= Wolfson Neurorehabilitation Centre =

Medical Institution

The Wolfson Neurorehabilitation Centre, also better known simply as The Wolfson, was a specialist neurorehabilitation centre based in Wimbledon, south west London. The services provided at the centre are now provided at St George's Hospital in Tooting and Queen Mary's Hospital in Roehampton.

==History==
The Wolfson Neurorehabilitation Centre was opened in 1967 by Princess Marina, the Duchess of Kent. Construction was made possible by a grant of £250,000 from the Wolfson Foundation. Wylie McKissock, Consultant Neurological Surgeon to St George's Hospital from 1944, transformed Atkinson Morley Hospital from a convalescent hospital into a neurological services unit which included neurosurgery, neurology, psychiatry and specialist support services.

The Wolfson Neurorehabilitation Centre was opened to provide rehabilitation services for Atkinson Morley's Hospital and remained in Wimbledon after the transfer of acute neuroscience services from Atkinson Morley's to St George's Hospital in Tooting.

As well as the neurorehabilitation service, the Wolfson is the location of the south west London branch of Headway, the brain injury association.

In 2012 following a consultation into neurorehabilitation services across southwest London the services provided at the Wolfson Neurorehabilitation Centre were moved into St George's Hospital in Tooting and Queen Mary's Hospital in Roehampton.

==Operations==
The WNRC provides individual and group rehabilitation programmes for patients. The aim is to help patients make the transition from requiring assistance with activities of daily living to becoming sufficiently independent for discharge. Patients receive a weekly timetable that shows their daily scheduled activities.

Day services include a day patient programme, Wolfson Cognitive Assessment Programme (WCAP), Vocational Rehabilitation Programme, Cognitive Group and Pain Management Programme.
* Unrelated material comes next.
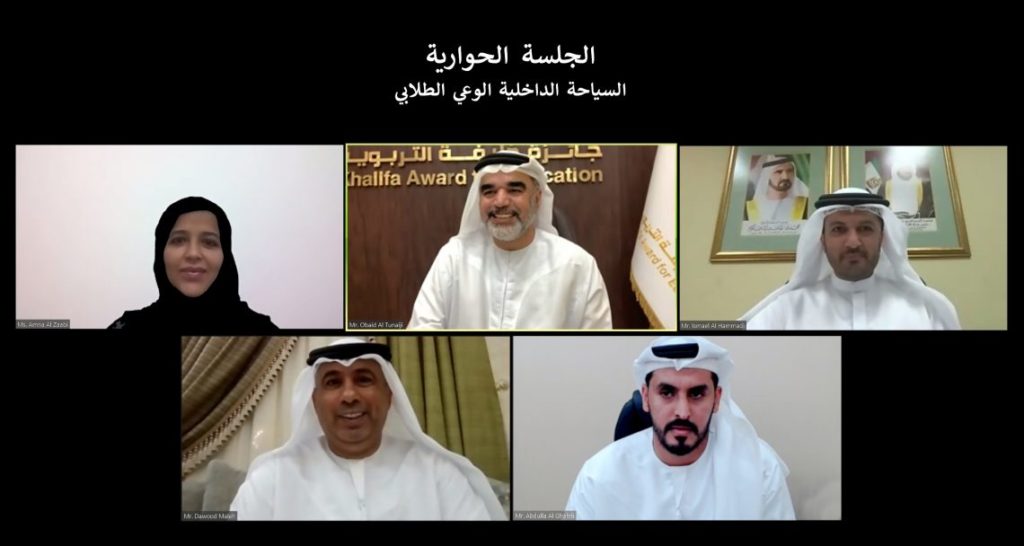 This was reflected during the dialogue session organized by the General Secretariat of Khalifa Award for Education and titled “ Domestic Tourism and Student Awareness”, in the presence of Amal Afifi, Secretary General to the Award and the speakers Ismael Abdullah Al Hammadi, Director of the Cultural Heritage Department at the Ministry of Culture and Youth, Amna Muhammed Al Zaabi, Deputy Director of the Guest Experience Department at the Tourism Product Development Management, Department of Culture and Youth, Dawood Muhammed Al Maleeh, Curricula Development Specialist at the Ministry of Education and Obaid Al Teneeji, Arbitrator at Khalifa Award for Education.
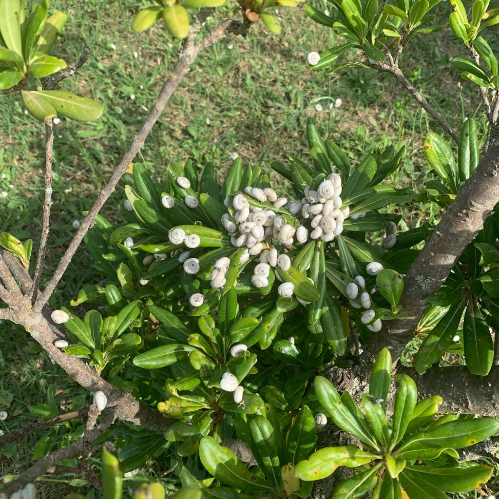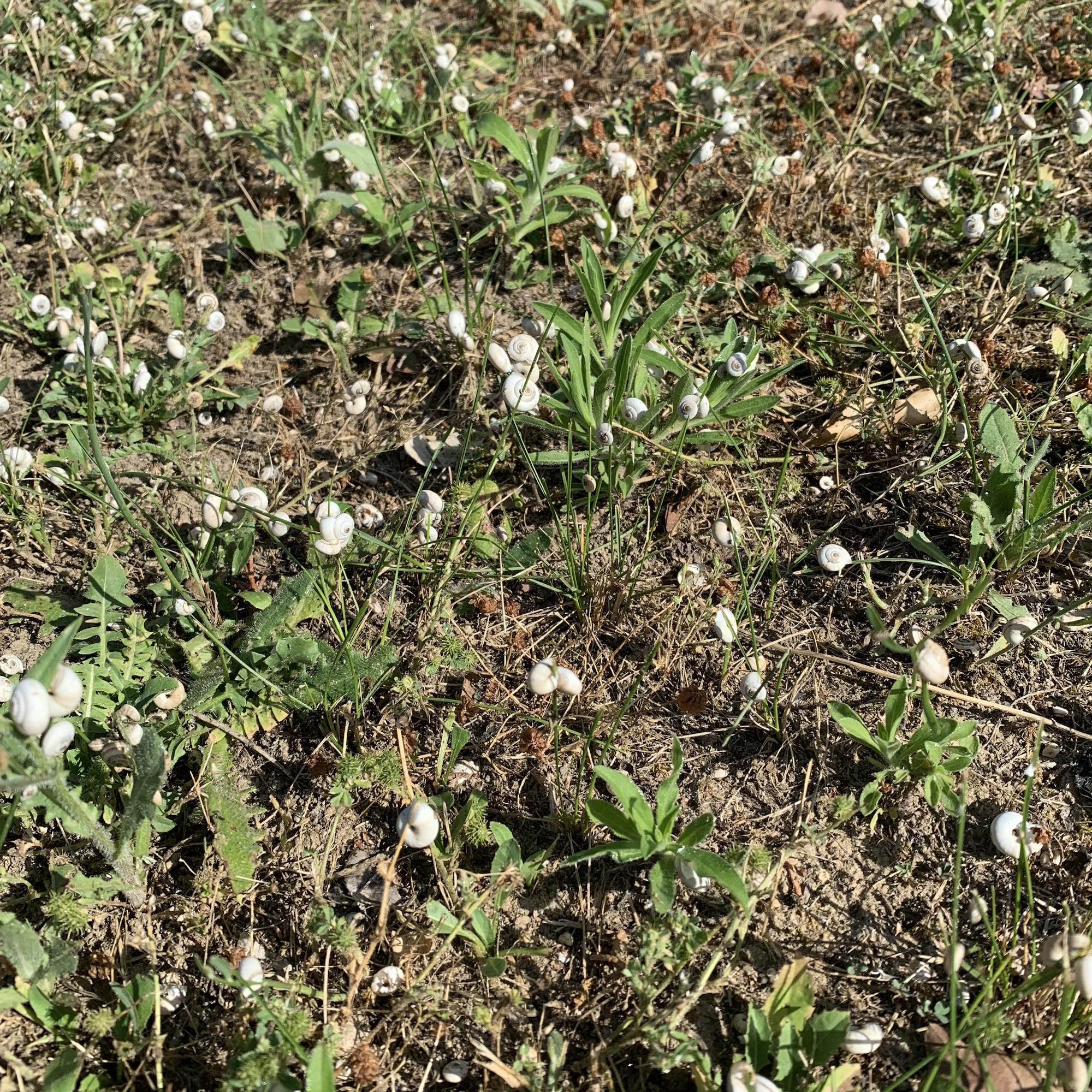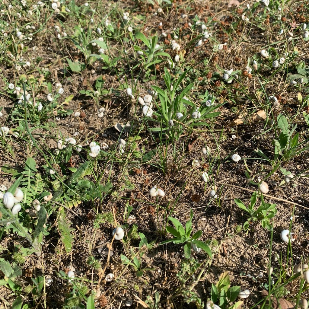 Freitag: Auch den letzten Urlaubstag verbrachten wir ohne besondere Aktivität bei erheblicher Hitze. Nach dem Frühstück trug ich zum letzten Mal den Liegestuhl in den Garten unter die Zypresse, um mich der Lektüre zu widmen und am Dasein zu erfreuen. Die Rasenfläche drumherum ist übersät mit kleinen weißen Schnecken zwischen wenigen Millimetern und maximal etwa einem Zentimeter Größe. Nicht hunderte, es müssen tausende sein, die regungslos an den Halmen harren und dort die Hitze verschlafen, an manchen Büschen in größeren Gruppierungen. So viele, dass es nicht möglich ist, den Garten zu betreten, ohne einige von ihnen zu zertreten, wie sie, vergeblich, durch sanftes Knacken unter jedem Schritt kundtun. Tut mir leid.

In the first few weeks after admission, patients are assessed with regard to their goals and the support required to achieve those goals. Each patient has an allocated "Chair" (keyworker) who oversees their progress through the goal-oriented rehabilitation programme. Within the first two weeks patients should attend a Goal Planning Meeting, where the MDT and the patient, and when appropriate the family, work together to set goals to be attained by the end of their stay in the WNRC. These long-term goals are then broken down into smaller short-term goals. Review meetings are held every 2–3 weeks to review progress.

===Standards of care===
The WNRC works within the South Thames Brain Injury Standards for Post Acute Brain Injury Rehabilitation

==Multidisciplinary team==
MDT members at the WNRC include:
- Occupational therapists
- Clinical Psychologists: including Consultants in Neuropsychology and Pain.
- Physiotherapists
- Speech and language therapists
- Nurses
- Medical staff: including Consultants in Rehabilitation Medicine, Neuropsychiatry and Neurology; Consultants in Pain Management; Consultant specialising in Stroke; Specialist Registrar in Rehabilitation Medicine; clinical assistant.
- Social workers

Other healthcare professionals include:
- Chiropodist
- Dietitian
- Healthcare assistant
- Orthotist
- Pharmacist
- Volunteers
- Students

==Patient population==
Patients at the WNRC are recovering from an illness or injury of the brain or spine. For example, they may have a stroke, head injury, multiple sclerosis, tumour or other acquired neurological condition. Patients usually have non-progressive conditions and one criterion of admission is that they require input from more than one discipline. The WNRC also has specialist medical and non-medical services for patients suffering from chronic pain.